The Cancer Gold Saint and guardian of the Cancer Temple in the Sanctuary. Having been revived along with the other Gold Saints after their sacrifice to destroy the Wall of Grief, Deathmask appears at a market in Asgard where he often goes to a flower shop, having fallen in love with the girl Helena.
During episode 4, Deathmask equips his Cloth again after being recognized as the true Cancer Gold Saint. To Deathmask's horror, Helena succumbs to her wounds sustained earlier and he cries while cradling her.
During episode 6, Deathmask makes way to Yggdrasil to join his comrades, taking one last look at Helena's flower shop first. He later arrives at Svartalfheim and engages Fafner while sending Mu ahead. After awakening his God Cloth and defeating Fafner, Deathmask collapses from exhaustion as the statue of wisdom shatters.
 
The Pisces Gold Saint and guardian of the Pisces Temple in the Sanctuary. Having been revived along with the other Gold Saints after their sacrifice to destroy the Wall of Grief, Aphrodite arrives at the flower market where he meets with Deathmask, who has also been revived in Asgard.
He confronts God Warrior Fafner at a hospital, revealing what he knows about Yggdrasil. Barely escaping with Helena, Aphrodite is impaled and absorbed by the roots of Yggdrasil.
During episode 12, the Gold Saints are shown to be safe. It is then revealed that Aphrodite was the one saving them, thanks to his immunity to plant poisons.
 
The Libra Gold Saint, guardian of the Libra Temple in the Sanctuary and master of Bronze Saint Dragon Shiryu. One of the only survivors from the previous Holy War against Hades, Dohko is the oldest and considered the wisest among the Gold Saints. Having been revived along with the other Gold Saints after their sacrifice in order to destroy the Wall of Grief, Dohko rendezvous with Aldebaran and they discuss their revival as they share a drink.

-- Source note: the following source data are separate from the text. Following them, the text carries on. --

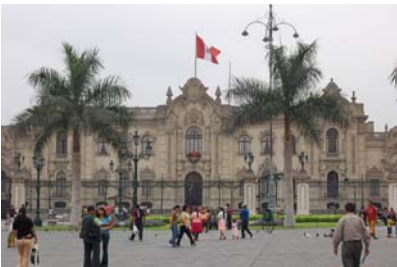
Presidential Palace of Peru (Lima)
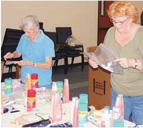
Volunteers gather supplies that will be used in the mobile medical unit funded and built by the church.

Cokesbury UMC, in partnership with Christian Alliance and UMCOR (United Methodist Committee on Relief) will be sending medical resources to the earthquake victims of Haiti.
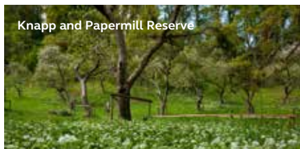
Knapp and Papermill Reserve

When the Gold Saints split up, Dohko enters the chamber of death Helheim, where he is confronted by a hypnotized Lyfia and God Warrior Utgardar. Easily overwhelming the God Warrior, Dohko is shocked as the statue of death shatters after receiving such a small impact, making him wonder if it was intentional. He, along with Saga and Mu saves Aiolia and confronts Andreas together, eventually facing defeat by Loki who possess Andreas.
 
The Gemini Gold Saint and guardian of the Gemini Temple in the Sanctuary. Saga ruled as the Grand Pope during the original series. Having been revived along with the other Gold Saints after their sacrifice to destroy the Wall of Grief, Saga arrives just in time to rescue Milo from the vicious onslaught from Surtr, Camus and Sigmund.

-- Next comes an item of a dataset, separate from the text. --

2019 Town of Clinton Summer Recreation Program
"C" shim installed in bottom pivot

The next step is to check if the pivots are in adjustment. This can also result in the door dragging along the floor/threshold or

Revealing what he knows to Milo, he states he will not stand in his way as Milo desperately attempts to move towards Yggdrasil in order to destroy it.
He later arrives at the chamber of mist, Niflheim, where Sigmund is waiting to settle the score. Saga easily dodge his attacks but is later forced to awaken his God Cloth as Sigmund is manipulated into a berserk state. However, Saga allows Sigmund to live after shattering the statue of mist.
He is defeated along with Mu and Dohko by Loki who possess Andreas' body, despite using Athena Exclamation with their God Cloths.

God Warriors
 
One of the seven new God Warriors introduced in the series, and the first God Warrior to make an appearance. Fródi is considered the proudest about being a God Warrior as his family has served Odin for a long time.
He is shocked as the Asgardian soldiers reveal a Gold Saint who took them down, hoping to engage this powerful foe later. As Aiolia equips his Leo Gold Cloth, Fródi charge at the Gold Saint and the two are seemingly equal until Aiolia's Cloth change shape and Fródi suffers defeat before being forced to retreat. Fródi carries a sword named Sieg Schwert, able to retract from the hilt to slash his foes at will.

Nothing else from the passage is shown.